Optional: Module Glossary Search API

OiN use case: Since collection objects from over 20 collections are to be displayed in the collection portal at some point, some facets will have an enormous number of entries. These facets must be reloaded each time the view is called. Depending on the browser and Internet connection, loading these facets can take a very long time to display all entries. Since the project has a collection with more than 20000 collection objects with corporate or personal data, the performance of this collection has been tested and found not to be user-friendly due to the long loading time. 

glossary facetFor this problem the module Glossary Search API was tested. The module allows the display of facet entries depending on their initial letter. In addition to the facet with many entries (e.g. corporations), a glossary facet (e.g. glossary of corporations) is created.

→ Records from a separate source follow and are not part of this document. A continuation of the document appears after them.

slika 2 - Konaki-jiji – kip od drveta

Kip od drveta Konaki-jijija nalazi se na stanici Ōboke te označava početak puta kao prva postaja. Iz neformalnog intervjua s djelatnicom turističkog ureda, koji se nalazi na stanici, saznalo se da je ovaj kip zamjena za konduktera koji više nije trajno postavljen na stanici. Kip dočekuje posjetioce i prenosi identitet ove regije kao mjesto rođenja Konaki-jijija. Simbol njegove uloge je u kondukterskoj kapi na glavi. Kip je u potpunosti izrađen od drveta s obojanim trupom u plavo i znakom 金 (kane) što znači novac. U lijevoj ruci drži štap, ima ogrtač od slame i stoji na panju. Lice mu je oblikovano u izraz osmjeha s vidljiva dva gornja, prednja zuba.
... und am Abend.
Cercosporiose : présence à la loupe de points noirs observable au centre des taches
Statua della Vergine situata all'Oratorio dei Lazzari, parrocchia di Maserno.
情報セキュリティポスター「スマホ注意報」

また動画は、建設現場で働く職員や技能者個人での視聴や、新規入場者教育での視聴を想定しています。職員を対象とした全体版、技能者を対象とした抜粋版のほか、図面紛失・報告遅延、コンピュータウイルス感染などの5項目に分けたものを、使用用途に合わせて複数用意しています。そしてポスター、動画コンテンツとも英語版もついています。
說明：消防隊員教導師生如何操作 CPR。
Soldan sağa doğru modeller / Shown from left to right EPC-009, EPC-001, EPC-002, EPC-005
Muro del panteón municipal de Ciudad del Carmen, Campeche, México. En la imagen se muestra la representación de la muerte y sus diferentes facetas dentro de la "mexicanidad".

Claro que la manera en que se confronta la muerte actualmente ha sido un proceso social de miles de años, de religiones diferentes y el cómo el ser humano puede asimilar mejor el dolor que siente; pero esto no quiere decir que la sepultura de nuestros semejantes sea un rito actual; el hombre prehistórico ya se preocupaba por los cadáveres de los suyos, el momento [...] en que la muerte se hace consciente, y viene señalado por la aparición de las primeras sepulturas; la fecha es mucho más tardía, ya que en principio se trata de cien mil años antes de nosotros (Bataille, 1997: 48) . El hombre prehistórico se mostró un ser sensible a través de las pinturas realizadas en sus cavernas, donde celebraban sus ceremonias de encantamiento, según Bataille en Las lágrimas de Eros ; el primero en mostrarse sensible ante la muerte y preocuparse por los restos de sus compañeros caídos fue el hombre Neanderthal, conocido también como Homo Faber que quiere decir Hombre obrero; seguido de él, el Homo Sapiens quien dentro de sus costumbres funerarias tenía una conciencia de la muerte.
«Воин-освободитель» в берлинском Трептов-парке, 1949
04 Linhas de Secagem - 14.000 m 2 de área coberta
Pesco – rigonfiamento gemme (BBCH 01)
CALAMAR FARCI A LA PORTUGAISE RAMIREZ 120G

In the Facet Settings, the entities are then made dependent on the Facette Glossary to entities, so that only selected entries (lists sorted by initial letter) are loaded:

  • Install the module via composer require and activate it under Extend: Glossary Search API
  • Under Configuration > Search and metadata > Search API > Index > Fields the field must be added to facet entities (as described above) if not already done.
  • Under Configuration >Search and metadata >Search API> Index > Processors, the Glossary Processor must then be enabled and the field (entities) whose entries are to be grouped selected.
  • Then (re)index.
  • Under Configuration > Search and metadata > Facets create a new facet via Add facet (glossary of corporations).
  • Then configure the Glossary Facet Glossary for Corporations): 
  • Select as widget Glossary Widget. 
  • The order of the processors must be changed in the settings under Advanced Settings > Build Stage: URL Handler by Glossary Processor 
  • Add the Glossary Facet in the block layout
  • Finally, configure faceted corporations:
  • Activate Dependent Facet with the Enable Condition equal to the Glossary Facet.
  • As Condition mode select Check whether the facet is selected/not empty
  • Deactivate Show facet title and deactivate Block layout Display Block title under Block layout, so that when an initial letter is selected in the Glossary Facet, the entries of corporations are only displayed for the selected initial letter and the loading time is minimized.